*PROMPT:*
Output the data below only from the line containing "2 Step Aluminum" up to and including the line containing "Отделение почтовой связи", exact and with the pictures left out.

*MATERIAL TO PROCESS:*
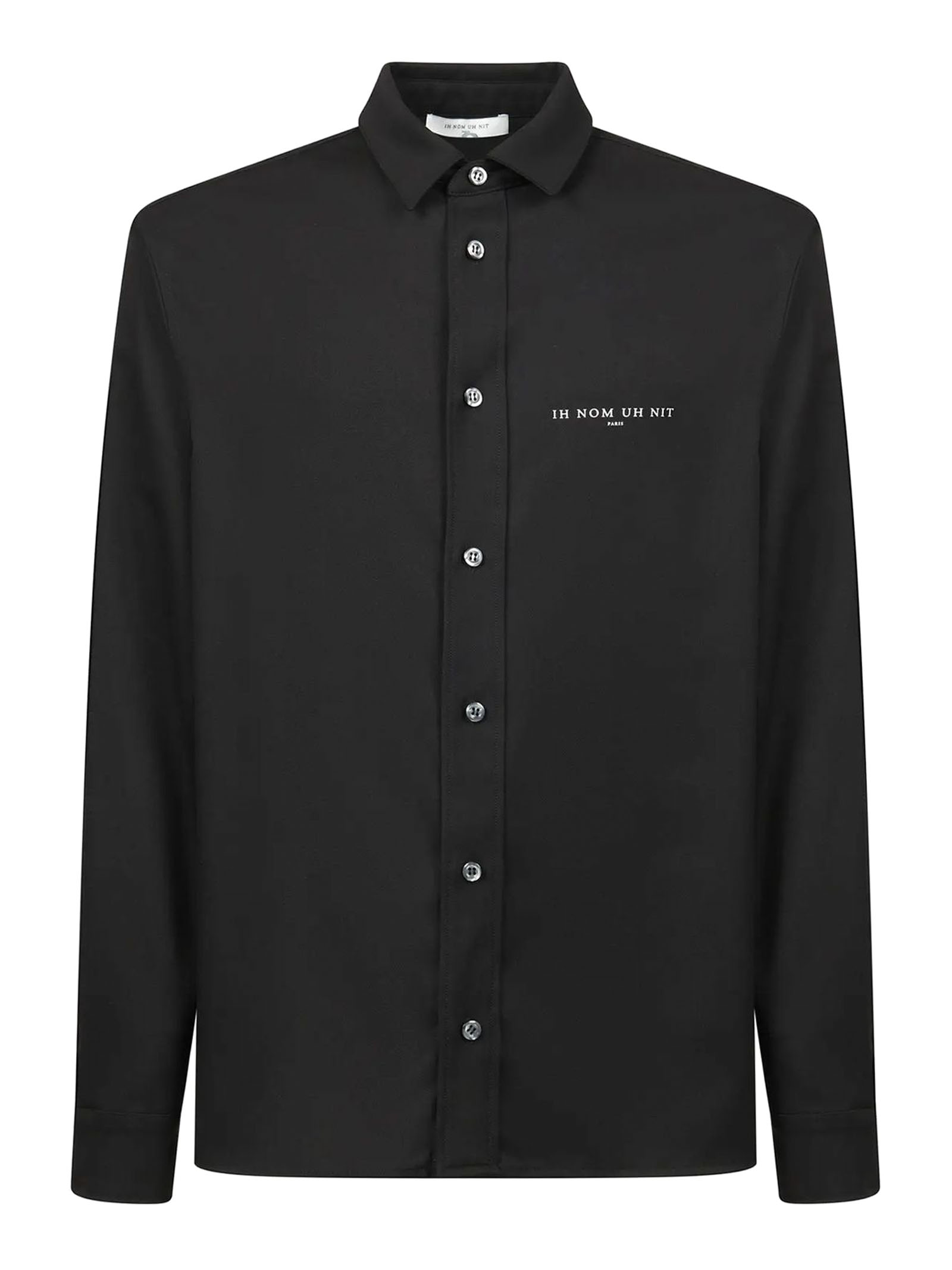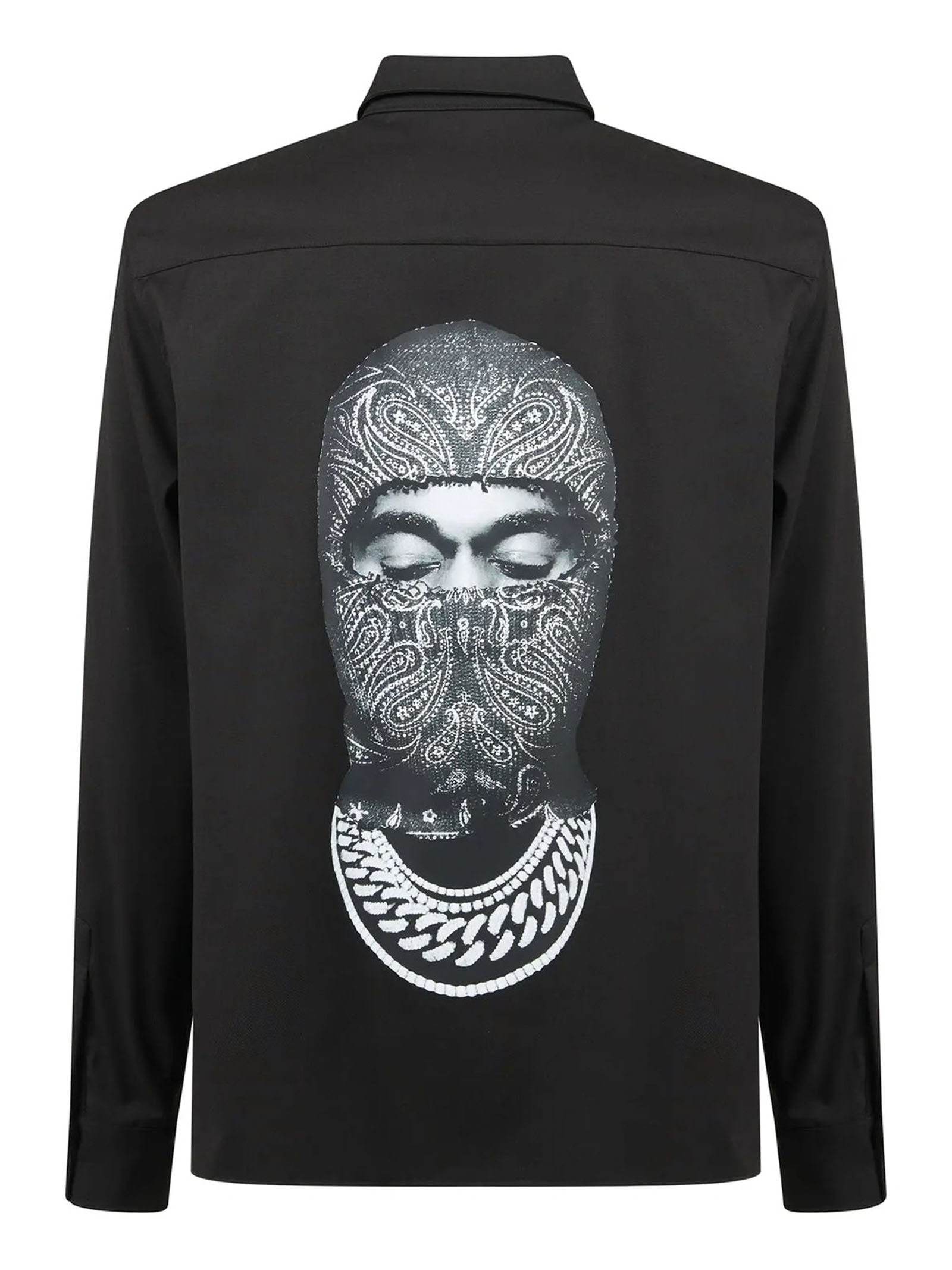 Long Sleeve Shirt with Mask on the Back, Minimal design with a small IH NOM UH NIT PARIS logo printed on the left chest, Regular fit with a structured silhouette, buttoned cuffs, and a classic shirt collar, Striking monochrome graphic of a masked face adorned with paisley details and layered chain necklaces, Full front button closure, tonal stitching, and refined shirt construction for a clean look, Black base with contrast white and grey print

...

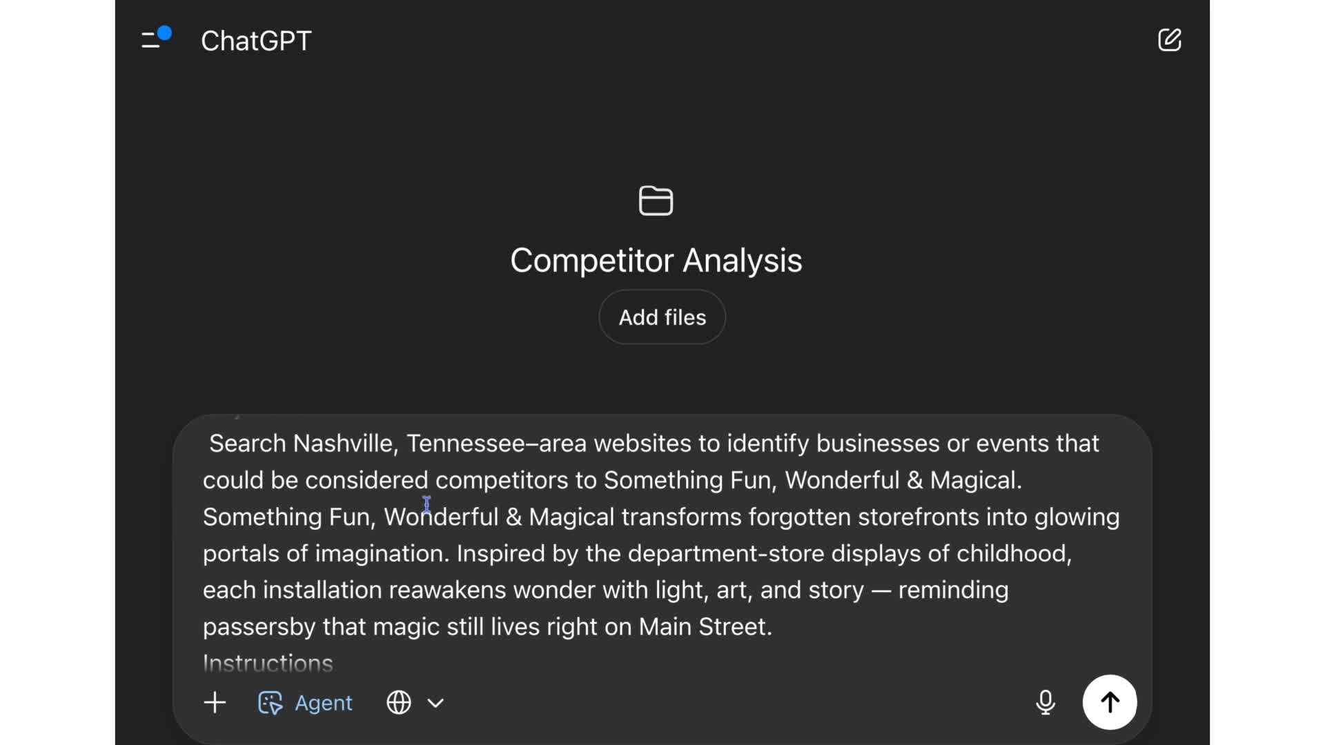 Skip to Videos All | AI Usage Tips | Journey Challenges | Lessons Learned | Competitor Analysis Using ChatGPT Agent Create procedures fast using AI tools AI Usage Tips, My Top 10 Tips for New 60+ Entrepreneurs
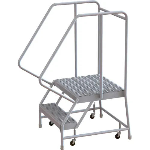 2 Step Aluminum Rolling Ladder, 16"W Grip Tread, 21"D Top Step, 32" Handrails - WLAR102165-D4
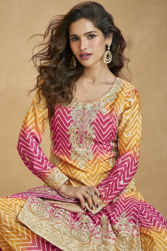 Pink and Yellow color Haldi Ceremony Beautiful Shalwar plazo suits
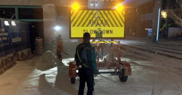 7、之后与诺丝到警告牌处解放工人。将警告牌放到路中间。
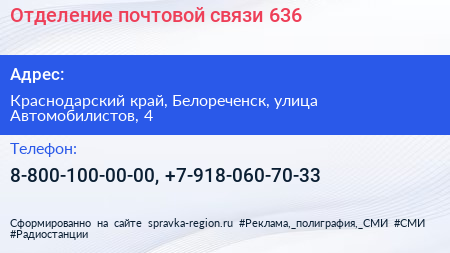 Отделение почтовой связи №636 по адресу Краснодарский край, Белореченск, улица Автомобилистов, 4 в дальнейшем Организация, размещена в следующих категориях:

--

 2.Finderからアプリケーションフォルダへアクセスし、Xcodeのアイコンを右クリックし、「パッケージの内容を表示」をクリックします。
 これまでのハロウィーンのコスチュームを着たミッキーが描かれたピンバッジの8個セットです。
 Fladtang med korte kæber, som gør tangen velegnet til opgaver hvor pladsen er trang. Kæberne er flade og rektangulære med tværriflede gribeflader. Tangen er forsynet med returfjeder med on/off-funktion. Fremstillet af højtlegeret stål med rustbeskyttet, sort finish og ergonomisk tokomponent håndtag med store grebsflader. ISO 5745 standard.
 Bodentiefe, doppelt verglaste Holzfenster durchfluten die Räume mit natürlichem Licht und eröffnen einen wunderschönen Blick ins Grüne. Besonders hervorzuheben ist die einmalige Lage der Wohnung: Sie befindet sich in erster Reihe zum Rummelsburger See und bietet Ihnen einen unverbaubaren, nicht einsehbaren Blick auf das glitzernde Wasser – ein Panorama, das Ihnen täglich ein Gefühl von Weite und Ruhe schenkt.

*ANSWER TO THE EXERCISE:*
 2 Step Aluminum Rolling Ladder, 16"W Grip Tread, 21"D Top Step, 32" Handrails - WLAR102165-D4
 Pink and Yellow color Haldi Ceremony Beautiful Shalwar plazo suits
 7、之后与诺丝到警告牌处解放工人。将警告牌放到路中间。
 Отделение почтовой связи №636 по адресу Краснодарский край, Белореченск, улица Автомобилистов, 4 в дальнейшем Организация, размещена в следующих категориях:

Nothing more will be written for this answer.